I’m not sure if you’ve noticed, but there’s a bacon revolution going on. Everyone seems to be talking about bacon and eating more of it lately. Recipes are sweeping the Internet. Fast-food chains are peddling double bacon burgers, and upscale restaurants are wrapping steaks in it. Some connoisseurs are even adding it to desserts. To top it off, retailers are carrying all types of themed products, ranging from bacon soap, salt water taffy, to soda. It’s everywhere you turn.
Until recently, the frenzy had me puzzled. In today’s health conscious age, this new obsession didn’t add up. After all, 68% of bacon’s calories come from fat, almost half of which is saturated. According to the American Heart Association (AHA), foods rich in saturated fats can raise cholesterol levels, increasing risk of heart disease and stroke. So, having witnessed bacon’s rise in popularity over several consecutive months, I couldn’t help but ask myself: Why such a pig…I mean “big”… push for a food that we’ve all come to recognize as being so unhealthy? Is there a new, fat free form on the market? Have experts made a discovery that bacon is actually good for the body?
Upon doing some research, there were no ground-breaking “bacon discoveries” to be found. However, I did learn about some healthier ways to prepare and eat it. Reading the countless available articles, I had a sudden epiphany. It hit me that the meticulous handling of bacon provides a valuable lesson. There’s a right and wrong way to do things, and, in many cases, the right way is neither the easier nor the faster path (but it’s still “the right path”).
Suddenly, I felt inspired by bacon. To me, bacon provided an ideal metaphor for how a business should manage its operations. Much like there’s a right way to consume bacon in order to maintain a long, healthy life, there’s a right way for businesses to manage and improve operations to drive lasting value. Going about it the wrong way… well, there are consequences.
Don’t see the similarities between handling bacon and improving operations? Consider these few simple improvement recommendations:
Remove As Much Fat (Waste) As Possible
To lower intake of the saturated, fattiness of pork belly, consumers should consider baking it, rather than frying. For optimal results, it should be placed on a rack, which allows the grease to drip down into a pan underneath — keeping it from getting reabsorbed. This makes for less greasy, crispier, and, ultimately, healthier bacon.

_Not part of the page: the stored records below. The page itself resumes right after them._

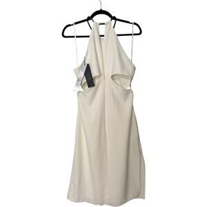 NWT Halston Heritage White Draped Halter Cocktail Dress with Cutouts (6)
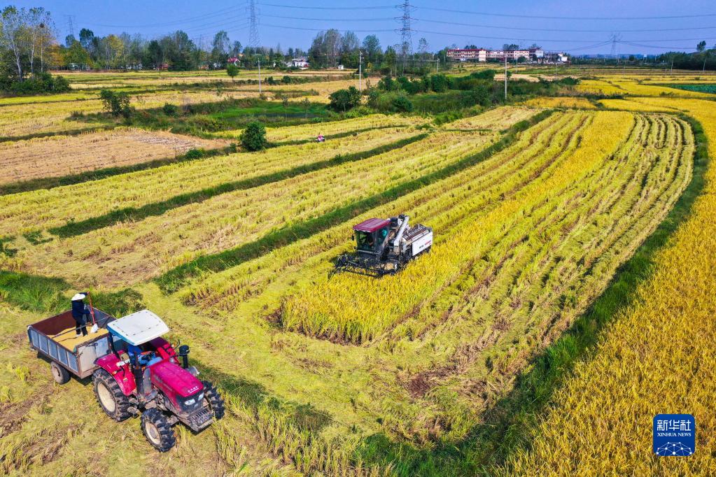 9月16日,河南省信陽(yáng)市光山縣寨河鎮耿寨村新生合作社社員在收割水稻。
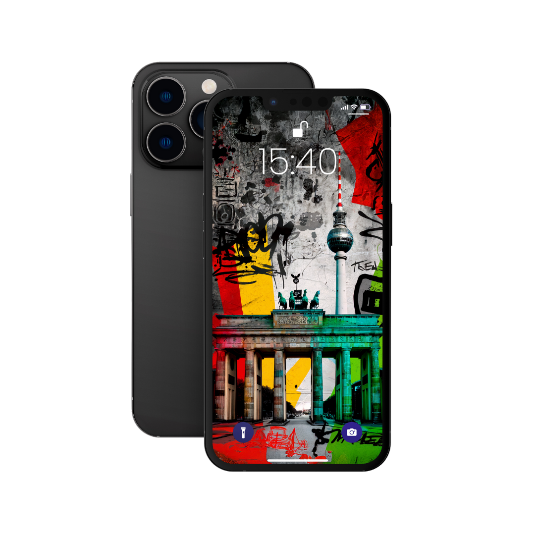 Celebrate Berlin's edgy charm with this vibrant street art phone wallpaper. Featuring the Brandenburg Gate and TV Tower amid bold graffiti and splashes of Germany's national colors, this design captures the city's dynamic blend of history and urban culture.
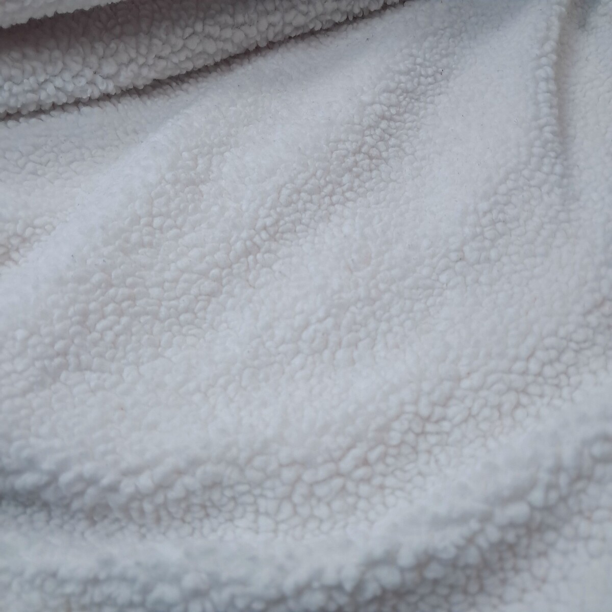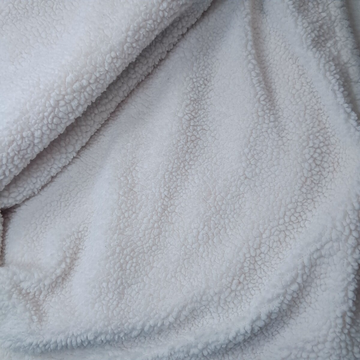 Soft plush type fabric on one side and white sherpa on the other. Very good condition. Thicker blanket.
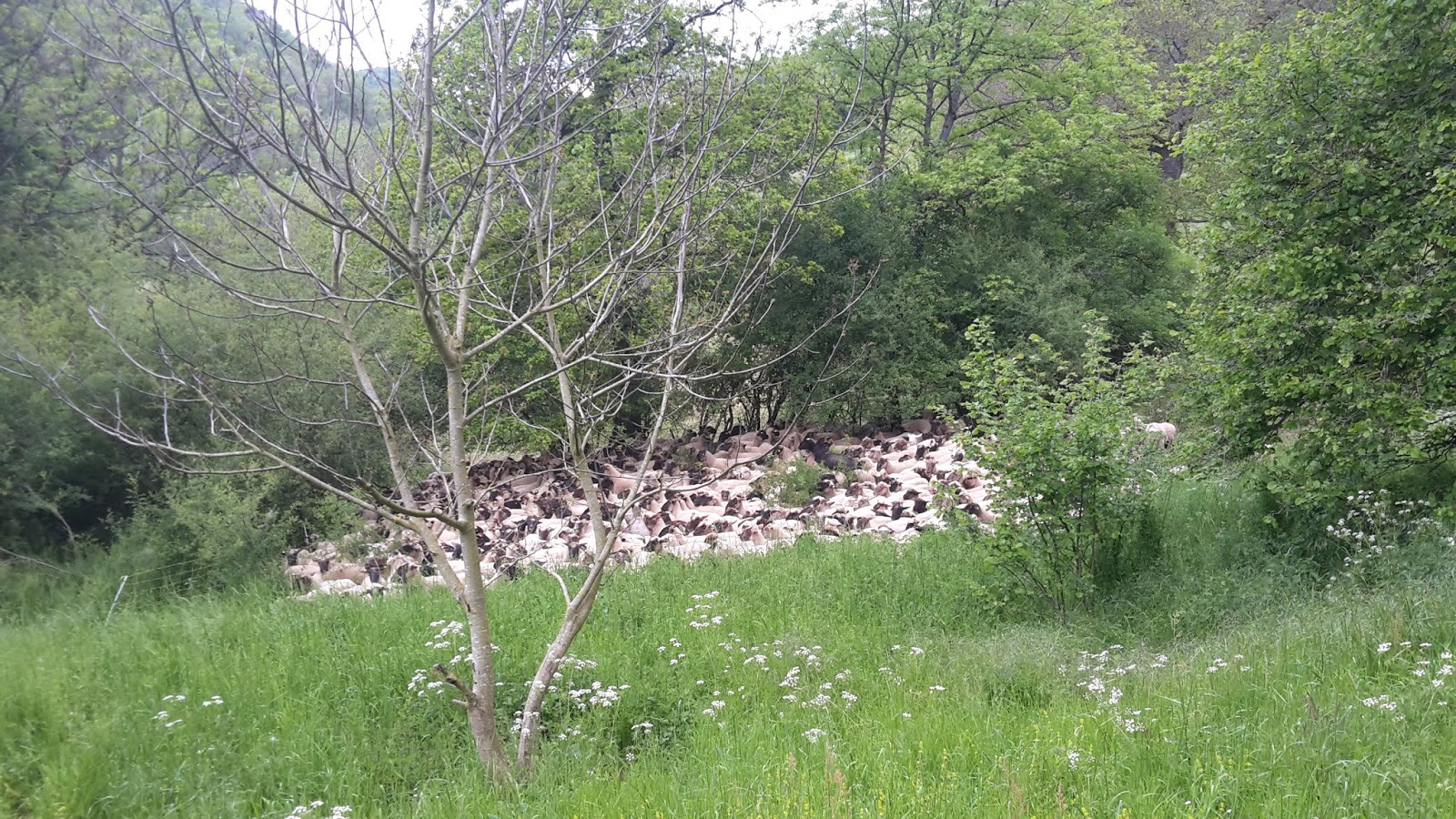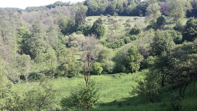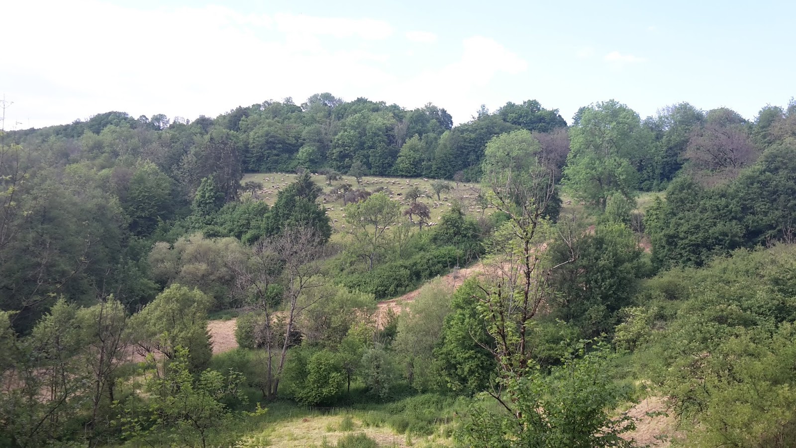 Es sind verbuschte Steilhänge, die zum größten Teil bewaldet sind. In den lichten Frühlingswäldern blühen wunderschön die Orchideen. Und auch, wenn die dort blühen, da die Flächen beweidet werden, gäbe es riesen Alarm, sollte da jetzt ein Schaf dran knabbern oder drüber laufen.
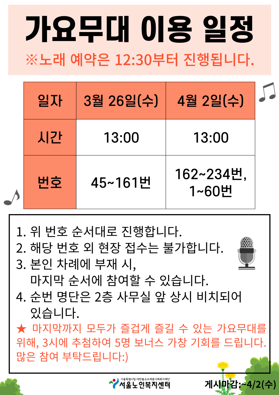 [평생교육팀] 2025 가요무대 이용일정(3/26, 4/2)
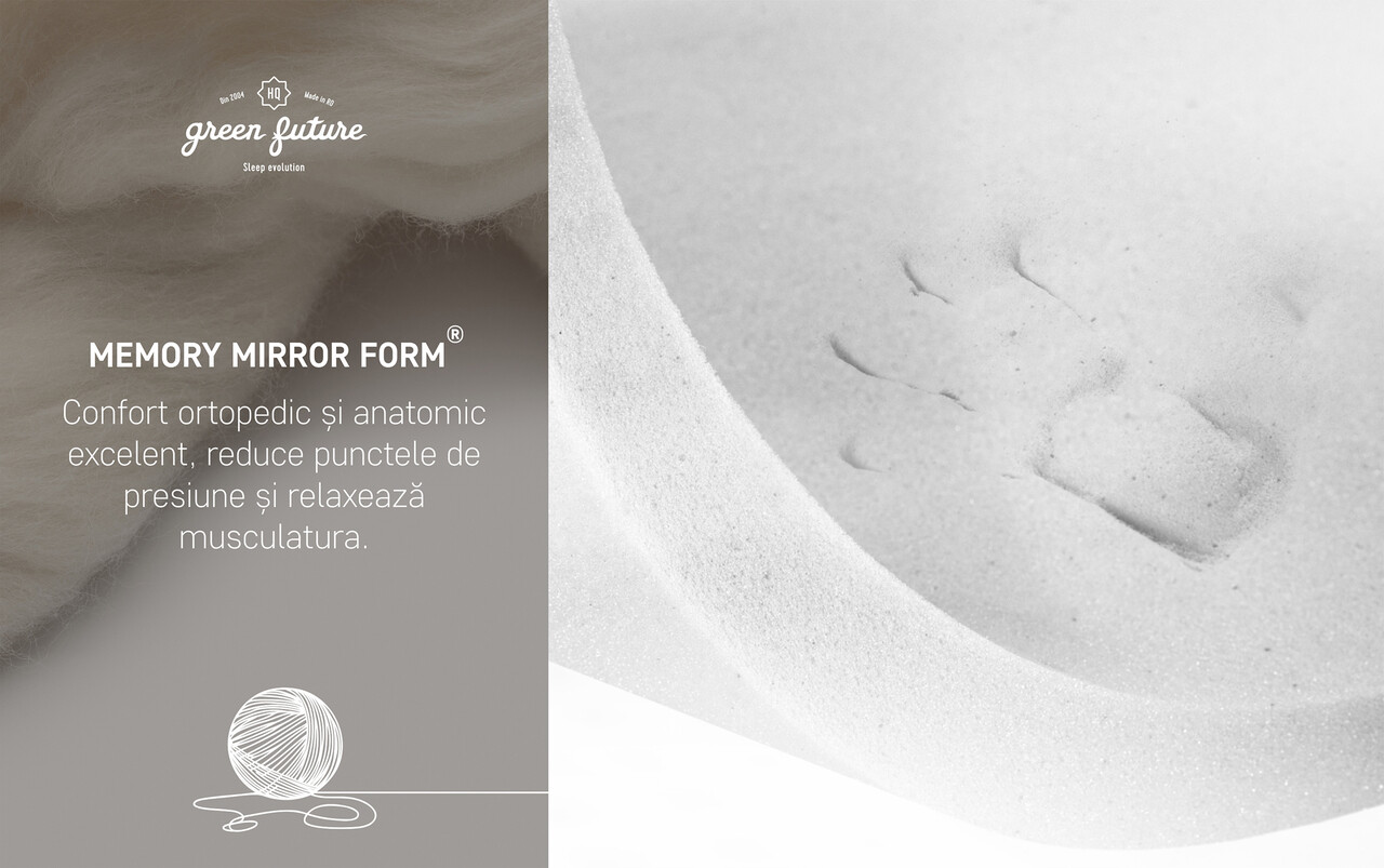 Stratul de 7 cm spumă Memory Mirror Form® reacționează la căldura corpului, adaptându-se perfect la forma acestuia și eliminând punctele de presiune. Astfel, se favorizează relaxarea mușchilor și o circulație sanguină optimă pe parcursul nopții.
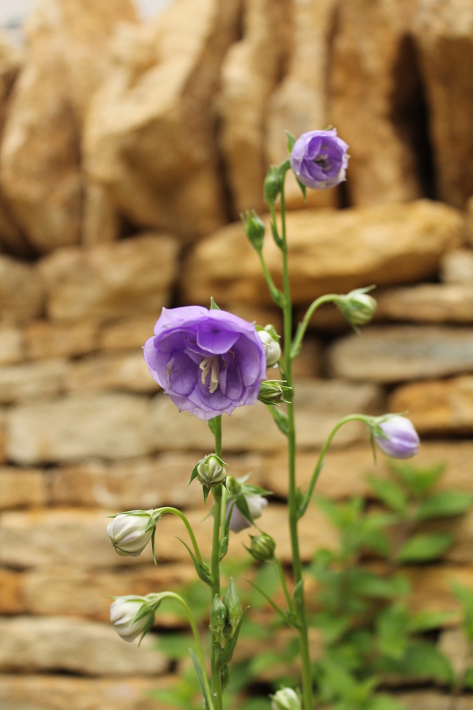 なんだろう?すっごく可愛い花ですね。八重のヒラヒラの花びら、風船みたいな蕾もいい。後ろの石の色がまたいい感じです。
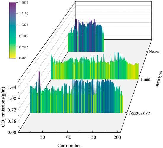 Based on the VT-Micro model and the categorized data of driver heterogeneity, the values of fuel consumption, CO2, and NOx emissions were calculated. From the results, it can be seen that the stratification of different types of drivers is more obvious and that the three types of drivers have the same order of hierarchical distribution in the three studies; in numerical order from the highest to the lowest, it is timid drivers, aggressive drivers, and neutral drivers.
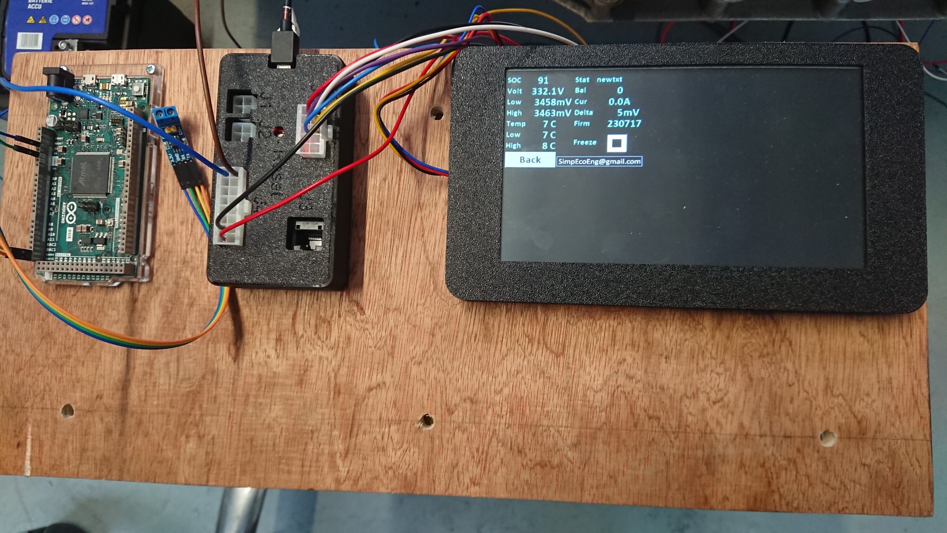 The benefit of the BMW packs, only a couple of hours got lids and casing removed, Tom's SimpBMS and a Nextion display screen connected up, and an Arduino Due running Damien's SBox control sketch. Shout out to Greg for his excellent videos on connecting to the BMW packs too!
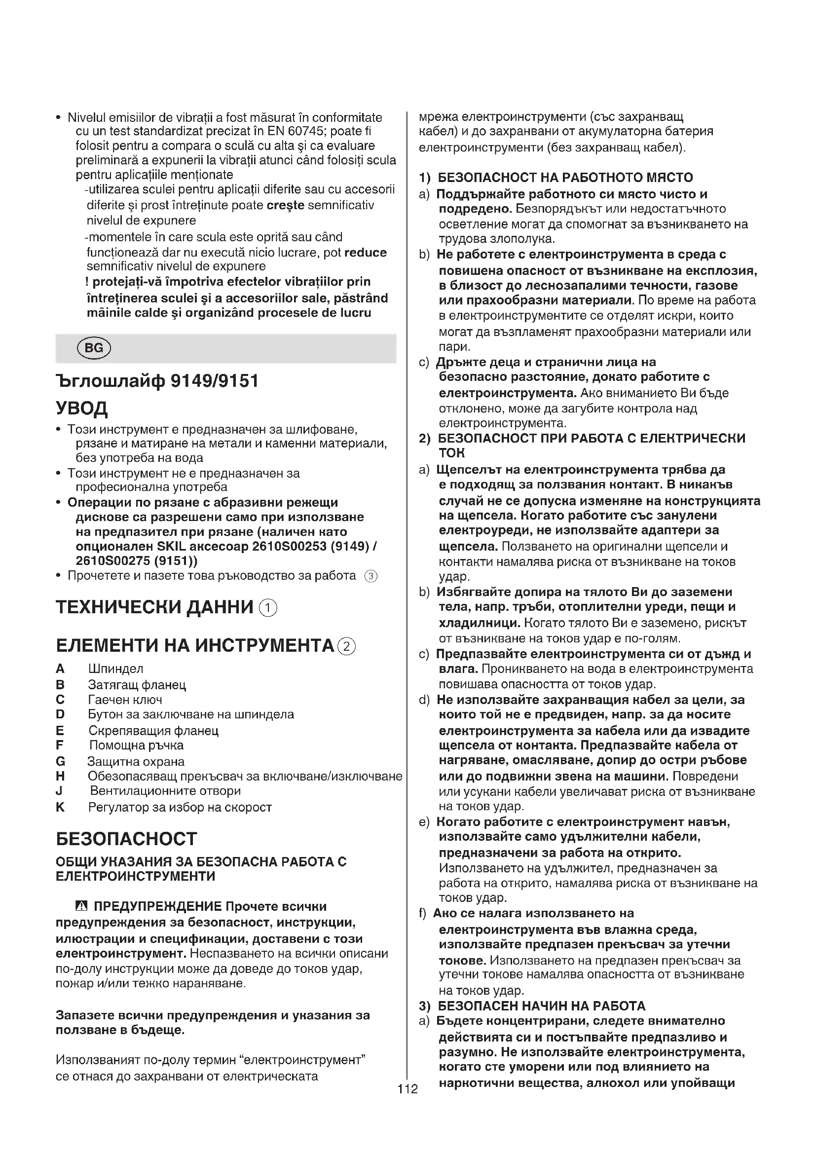 A Шпиндел B Затягащ фланец C Гаечен ключ D Бутон за заключване на шпиндела E Скрепяващия фланец F Помощна ръчка G Защитна охрана H Обезопасяващ прекъсвач за включване/изключване J Вентилационните отвоpи K Регулатор за избор на скорост БЕЗОПАСНОСТ ОБЩИ УКАЗАНИЯ ЗА БЕЗОПАСНА РАБОТА С ЕЛЕКТРОИНСТРУМЕНТИ - ПРЕДУПРЕЖДЕНИЕ Прочете всички предупреждения за безопасност, инструкции, илюстрации и спецификации, доставени с този електроинструмент. Неспазването на всички описани по-долу инструкции може да доведе до токов удар, пожар и/или тежко нараняване. Запазете всички предупреждения и указания за ползване в бъдеще. Използваният по-долу термин “електроинструмент” се отнася до захранвани от електрическата113 c) Преди да извършвате каквито и да е дейности по електроинструмента, напр. настройване, смяна на работен инструмент, както и когато го прибирате, изключвайте щепсела от контакта, респ. изваждайте батерията, ако е възможно. Тази мярка премахва опасността от задействане на електроинструмента по невнимание. d) Съхранявайте електроинструментите на места, където не могат да бъдат достигнати от деца. Не допускайте те да бъдат използвани от лица, които не са запознати с начина на работа с тях и не са прочели тези инструкции. Когато са в ръцете на неопитни потребители, електроинструментите могат да бъдат изключително опасни. e) Поддържайте добре електроинструментите си и аксесоарите им. Проверявайте дали подвижните звена функционират безукорно, дали не заклинват, дали има счупени или повредени детайли, които нарушават или изменят функциите на електроинструмента. Преди да използвате електроинструмента, се погрижете повредените детайли да бъдат ремонтирани. Много от трудовите злополуки се дължат на недобре поддържани електроинструменти и уреди. f) Поддържайте режещите инструменти винаги добре заточени и чисти. Добре поддържаните режещи инструменти с остри ръбове оказват по- малко съпротивление и се водят по-леко. g) Използвайте електроинструментите, допълнителните приспособления, работните инструменти и т.н., съобразно инструкциите на производителя. С дейности и процедури, евентуално предписани от различни нормативни документи. Използването на електроинструменти за различни от предвидените от производителя приложения повишава опасността от възникване на трудови злополуки. h) Поддържайте дръжките и ръкохватките сухи, чисти и неомаслени. Хлъзгавите дръжки и ръкохватки не позволяват безопасната работа и доброто контролиране на електроинструмента при възникване на неочаквана ситуация.

Much like bacon preparation, businesses that effectively apply Lean methods can remove waste (the fat) from their operations. Waste can be defined as anything that uses resources but does not add real value to transforming a product or service. According to Taiichi Ohno, the father of waste elimination in manufacturing operations, there are seven unique types of waste. Once waste is removed, the improved processes require less human effort, capital investment, floor space, materials, and time in all aspects of operations.
Consume in Small Intervals
When eating bacon, servings should be kept small and include antioxidant-rich fruits or vegetables to create a more well-balanced meal.
To effectively sustain improved operations, Daily Workgroup Meetings should be held to monitor progress. Lasting no more than 10 minutes, these tightly facilitated, loosely scripted, daily stand-up meetings (a) bring everyone together as a team; (b) provide every person with the same picture of what is going on; (c) focus each person on the metrics and key performance indicators that they can control; and (d) generate a sense of ownership among the team about their area and processes.
Cut Back On the Non-Essentials
Regular bacon eaters should strive to minimize intake of other processed meats to keep their total consumption of processed meat to a minimum.
A guiding principle of Lean is to define value as perceived by the customer, and to leverage that knowledge to remove unneeded barriers (non-essentials) from meeting those expectations. To adopt the lens of the customer, operational decision-making should only be done after asking, “What does the customer value, and how might this decision help or hurt that value?”
So, with these ideas in mind, I’ve officially joined the bacon revolution. Now, I’m more focused than ever on driving sustainable change. How about you? Are you in?